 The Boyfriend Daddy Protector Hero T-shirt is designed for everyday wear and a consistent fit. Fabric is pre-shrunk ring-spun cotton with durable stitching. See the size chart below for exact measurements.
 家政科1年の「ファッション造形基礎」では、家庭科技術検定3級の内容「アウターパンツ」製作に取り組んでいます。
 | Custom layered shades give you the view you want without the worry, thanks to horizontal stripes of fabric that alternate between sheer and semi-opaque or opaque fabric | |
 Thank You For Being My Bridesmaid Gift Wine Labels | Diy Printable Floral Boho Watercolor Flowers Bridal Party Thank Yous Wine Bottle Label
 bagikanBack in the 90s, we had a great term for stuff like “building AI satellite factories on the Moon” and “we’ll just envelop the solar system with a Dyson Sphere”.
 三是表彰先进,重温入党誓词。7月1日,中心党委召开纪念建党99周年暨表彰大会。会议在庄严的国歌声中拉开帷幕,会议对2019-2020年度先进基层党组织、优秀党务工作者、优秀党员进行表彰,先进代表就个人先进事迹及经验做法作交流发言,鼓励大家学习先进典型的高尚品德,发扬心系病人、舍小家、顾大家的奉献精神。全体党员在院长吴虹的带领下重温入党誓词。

==

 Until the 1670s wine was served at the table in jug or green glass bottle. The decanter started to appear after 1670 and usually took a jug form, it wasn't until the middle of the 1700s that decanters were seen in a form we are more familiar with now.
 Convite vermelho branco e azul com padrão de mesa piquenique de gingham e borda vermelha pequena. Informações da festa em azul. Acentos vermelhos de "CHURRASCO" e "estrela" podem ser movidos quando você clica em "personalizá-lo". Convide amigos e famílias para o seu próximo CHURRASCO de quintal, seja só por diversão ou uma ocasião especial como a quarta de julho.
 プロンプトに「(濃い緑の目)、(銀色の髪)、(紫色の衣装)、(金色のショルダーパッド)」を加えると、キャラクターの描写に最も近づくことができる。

* **EXERCISE OBJECTIVE**
Only the lines above starting at the line that holds "The Boyfriend Daddy" and ending at the line that holds "家政科1年の「ファッション造" are to be repeated, exactly and in full.

* **WRITTEN SOLUTION**
 The Boyfriend Daddy Protector Hero T-shirt is designed for everyday wear and a consistent fit. Fabric is pre-shrunk ring-spun cotton with durable stitching. See the size chart below for exact measurements.
 家政科1年の「ファッション造形基礎」では、家庭科技術検定3級の内容「アウターパンツ」製作に取り組んでいます。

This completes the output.